Recall

For linear regression, we’ve learned two learning algorithms, one based on gradient descent, and another one based on the normal equation.

Now we’ll take those two algorithms and generalized them as a regularized linear regression.

Refering from the pervious post, we know that

$$J(\theta)=\frac{1}{2m}\left[\sum_{i=1}^m(h_{\theta}(x^{(i)})-y^{(i)})^2+\lambda\sum_{i=1}^n\theta_j^2\right]\tag{1}$$

Our goal is to find $\theta$s which leads $J(\theta)$ reach to a minimum value.

Rewrite Gradient Descent

Original

$$\theta_0:=\theta_0-\alpha\frac{1}{m}\sum_{i=1}^m(h_{\theta}(x^{(i)})-y^{(i)})$$
$$\theta_1:=\theta_1-\alpha\frac{1}{m}\sum_{i=1}^m(h_{\theta}(x^{(i)})-y^{(i)})*x^{(i)}$$

Modify

$$\theta_0:=\theta_0-\alpha\frac{1}{m}\sum_{i=1}^m(h_{\theta}(x^{(i)})-y^{(i)})x_0^{(i)}\tag{2}$$
$$\theta_j:=\theta_j-\alpha\left[\frac{1}{m}\sum_{i=1}^m(h_{\theta}(x^{(i)})-y^{(i)})*x_j^{(i)}+\frac{\lambda}{m}\theta_j\right]\tag{3}$$

We write the case of updating $\theta_0$ seperately as $(2)$, for we don’t penalize $\theta_0(j=0)$ in regularized linear regression, but penalized other $\theta_j(j=1,2,3,…,n)$.

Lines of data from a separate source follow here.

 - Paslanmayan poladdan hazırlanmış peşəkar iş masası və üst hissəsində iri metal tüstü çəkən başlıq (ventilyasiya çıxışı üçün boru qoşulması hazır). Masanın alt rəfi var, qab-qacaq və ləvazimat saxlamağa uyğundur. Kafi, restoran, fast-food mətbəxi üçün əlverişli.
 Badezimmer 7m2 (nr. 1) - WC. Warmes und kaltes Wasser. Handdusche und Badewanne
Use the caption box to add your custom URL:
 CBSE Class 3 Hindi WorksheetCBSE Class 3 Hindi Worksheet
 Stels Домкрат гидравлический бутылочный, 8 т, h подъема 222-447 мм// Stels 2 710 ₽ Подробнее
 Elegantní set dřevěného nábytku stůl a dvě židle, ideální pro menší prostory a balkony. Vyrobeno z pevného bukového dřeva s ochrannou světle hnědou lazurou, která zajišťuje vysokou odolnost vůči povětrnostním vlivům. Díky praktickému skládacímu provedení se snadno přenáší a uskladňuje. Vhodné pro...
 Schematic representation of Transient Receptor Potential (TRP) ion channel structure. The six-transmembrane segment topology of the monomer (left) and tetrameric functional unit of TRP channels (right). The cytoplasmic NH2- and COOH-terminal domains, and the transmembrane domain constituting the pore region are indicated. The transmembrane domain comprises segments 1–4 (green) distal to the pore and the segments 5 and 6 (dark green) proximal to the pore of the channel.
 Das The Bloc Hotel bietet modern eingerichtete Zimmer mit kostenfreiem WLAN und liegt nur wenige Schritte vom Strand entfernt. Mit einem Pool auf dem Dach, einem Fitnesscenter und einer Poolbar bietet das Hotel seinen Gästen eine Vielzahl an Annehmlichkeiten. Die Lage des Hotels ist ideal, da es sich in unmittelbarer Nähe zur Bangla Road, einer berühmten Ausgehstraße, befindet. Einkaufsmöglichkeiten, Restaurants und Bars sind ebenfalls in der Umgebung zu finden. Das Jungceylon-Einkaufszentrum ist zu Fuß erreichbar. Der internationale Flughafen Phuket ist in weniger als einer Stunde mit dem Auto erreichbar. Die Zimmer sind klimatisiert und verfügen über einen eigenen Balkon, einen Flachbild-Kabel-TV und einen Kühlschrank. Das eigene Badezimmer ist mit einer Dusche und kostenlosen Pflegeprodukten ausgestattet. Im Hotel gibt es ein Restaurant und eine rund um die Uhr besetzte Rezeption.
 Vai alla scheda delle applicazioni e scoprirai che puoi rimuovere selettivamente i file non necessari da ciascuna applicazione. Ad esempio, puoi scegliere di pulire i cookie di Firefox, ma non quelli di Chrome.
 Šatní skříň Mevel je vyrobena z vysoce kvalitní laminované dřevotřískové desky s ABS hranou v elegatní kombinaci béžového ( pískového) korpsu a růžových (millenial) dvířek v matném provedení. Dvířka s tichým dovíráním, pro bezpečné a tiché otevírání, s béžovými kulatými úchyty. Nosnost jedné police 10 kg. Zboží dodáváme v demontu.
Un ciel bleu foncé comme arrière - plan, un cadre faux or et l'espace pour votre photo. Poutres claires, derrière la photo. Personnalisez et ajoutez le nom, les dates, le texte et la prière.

Note that the term in square brackets in $(3)$ is the result of $\frac{\partial}{\partial\theta_j}J(\theta)$, similarly, the corresponding term in $(2)$ is $\frac{\partial}{\partial\theta_0}J(\theta)$.

Rewrite $(3)$ for $\theta_j$ term
$$\theta_j:=\theta_j\left(1-\alpha\frac{\lambda}{m}\right)-\alpha\frac{1}{m}\sum_{i=1}^m\left(h_{\theta}(x^{(i)})-y^{(i)}\right)x_j^{(i)}\tag{4}$$

Rewrite Normal Equation

$$
\mathbf{X}=
\begin{bmatrix}
\mathbf{(x^{(1)})^\top} \\
\mathbf{(x^{(2)})^\top} \\
\mathbf{(x^{(3)})^\top} \\
\vdots \\
\mathbf{(x^{(m)})^\top} \\
\end{bmatrix}_{m\times(n+1)}
$$

$$\mathbf{y}=
\begin{Bmatrix}
y^{(1)}\\
y^{(2)}\\
y^{(3)}\\
\vdots \\
y^{(m)}\\
\end{Bmatrix}_{m\times1}
\in\mathbb{R^{m}}$$

To solve $\mathbf{\theta}$ of the normal equation, let
$$\frac{\partial}{\partial\theta_j}J(\theta)=0$$

then we obtain
$\mathbf\Theta=(\mathbf{X^\top}\mathbf{X})^{-1}\mathbf{X^\top}\mathbf{y}$

For solving the regularized normal equation, we get
$$\mathbf\Theta=\left(\mathbf{X^\top}\mathbf{X}+\lambda
\begin{bmatrix}
0 & 0 & \cdots & 0 \\
0 & 1 & \cdots & 0 \\
\vdots & \vdots & \ddots & \vdots \\
0 & 0 & \cdots & 1 \\
\end{bmatrix}_{(n+1)\times{(n+1)}}\right)^{-1}\mathbf{X^\top}\mathbf{y}\tag{5}$$

Non-invertibility issue

Suppose $m\le n$

For those who’s numbers of examples less than or equal to the numbrs of features,
$\mathbf\Theta=(\mathbf{X^\top}\mathbf{X})^{-1}\mathbf{X^\top}\mathbf{y}$

The $(\mathbf{X^\top}\mathbf{X})^{-1}$ term will be a singular term.

If $\lambda\gt0$,
$$\mathbf\Theta=\left(\mathbf{X^\top}\mathbf{X}+\lambda
\begin{bmatrix}
0 & 0 & \cdots & 0 \\
0 & 1 & \cdots & 0 \\
\vdots & \vdots & \ddots & \vdots \\
0 & 0 & \cdots & 1 \\
\end{bmatrix}_{(n+1)\times{(n+1)}}\right)^{-1}\mathbf{X^\top}\mathbf{y}$$

The inverse term is invertable now.